Опорный пункт лит[еры] Г. представляла сопка правильно-конической формы, справа был перевал из деревни Импань в д. Чинхизай. Японцы были настолько бдительны, что раз открыли огонь по мне, когда я спустился по наружной отлогости горки. Сзади моей роты, на кряже, расположилась наша 2-я батарея подполковника Николая Александровича Константинова и сильно досаждала японцам, не давая двигаться по дорогам ни их обозам, ни колоннам. Раз рано утром прибегает ко мне дежурный наблюдатель в трубу унтер-офицер Быханов и докладывает мне, что по дороге к Табегоу идет колонна японцев около батальона и подходит к перевальчику; я ему приказываю бежать на артиллерийский наблюдательный пункт, чтобы дали на батарею знать. Быханов побежал, а я к трубе — действительно, к Табегоускому перевальчику тихо ползла колонна японцев… Сзади на батарее слышна была суета, и через минуты две послышалась команда, и раздался беглый орудийный огонь сразу на шрапнель[104]

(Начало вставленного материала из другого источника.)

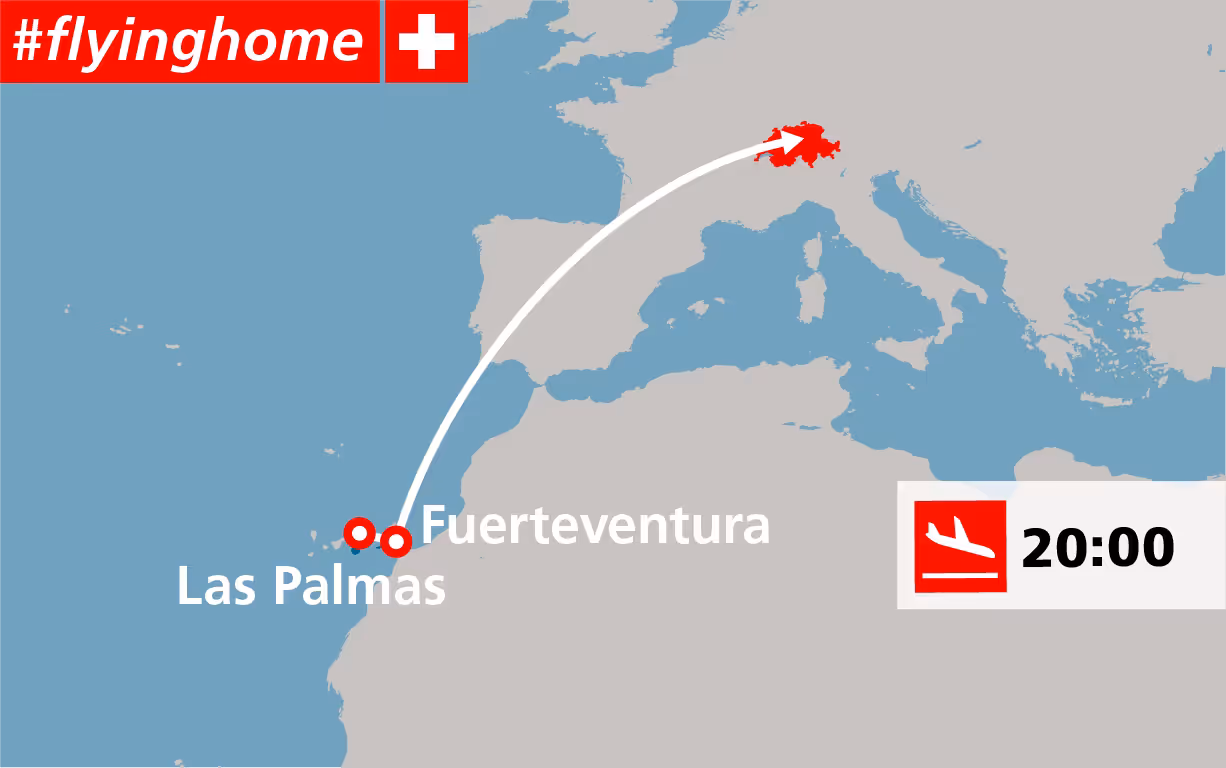 #flyinghome è la più grande operazione di rimpatrio di cittadini svizzeri nella storia della Confederazione. Il DFAE sta organizzando numerosi voli di ritorno in seguito all'epidemia di coronavirus che colpisce tutto il mondo nel primo trimestre del 2020.
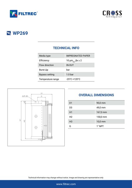 Engineered with their high performance media and a durable design, the WP269 provides reliable and consistent performance over its lifespan, even in harsh operating environments. When you order from FilterFinder, you can trust that you are getting a reliable and high-quality replacement filter that will keep your system running smoothly.
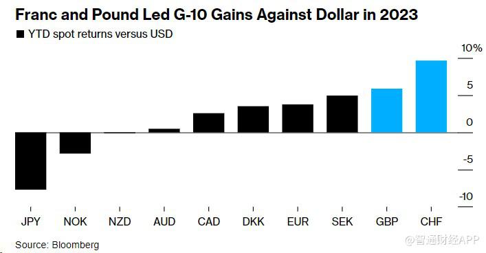 2023年瑞郎和英镑兑美元汇率领涨10国集团货币
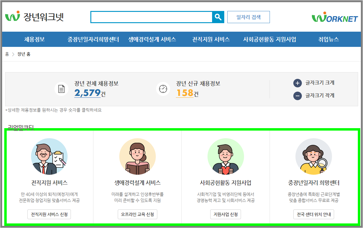 중장년 일자리 희망센터 홈페이지: https://www.work.go.kr/

; действие было ужасно, колонна стала моментально таять, люди бежали в стороны, и на дороге ясно были видны десятки тел. Батарея выпустила по пять патронов на орудие. Японцы не остались в долгу: через час на мой опорный пункт и на батарею был направлен ураган «шимоз», видимо, японцы хотели поразить батарею, но чуть возьмут ниже — снаряд ударяется в горку опорного пункта, чуть выше — «шимоза» летит в тыловую д. Ямолинзы, где расположены были госпиталя. За этот день в мой опорный пункт ударило более 70 гранат-«шимоз», а в батарею — ни одной, потерь в роте не было. Одна «шимоза» ударилась в край окопа и легла в нем, не разорвавшись, стрелок Иван Аршинов поднял ее и принес еще тепленькую ко мне в блиндаж, и мы осторожно спустили ее с горки. Последнее время много шимоз не рвалось, но только стоило ее тронуть, как следовал взрыв, и много пострадало за свое любопытство.Японцы в феврале начали особенно ударять в исходящий угол наших позиций, что у д. Кандолисан, так что раз наш 11-й полк был снят со своей позиции и переброшен к Кандолисану, но, простояв три дня, мы возвратились на свою старую позицию; но что сделали с нашими землянками наши заместители в течение только трех дней: все двери и окна сожгли, котлы чугунные для варки кипятка разбили, все землянки, в особенности офицерские, загадили испражнениями… Командир полка полковник В. А. Яблочкин донес по начальству, назначили экстренно комиссию от дивизии. Дело дошло до командующего армией, и командир полка был смещен. Теперь я нисколько не удивляюсь (1921), видев казармы в г. Омске, загаженные на целый аршин. Это был полк, имеющий нумерацию сверх 300, про такие полки мы говорили: «Триста такой-то имени Максима Горького полк»… т. е. босяцкий. Нужно было видеть это воинство, идущее в папахах, обшитых серой китайской дрелью, ну форменная скуфья, с понурыми, опущенными головами… и наши стрелки непременно закричат им: «В какой монастырь, монахи, идете?» — начинается перебранка. Вот что значит воспитание солдата и дисциплина.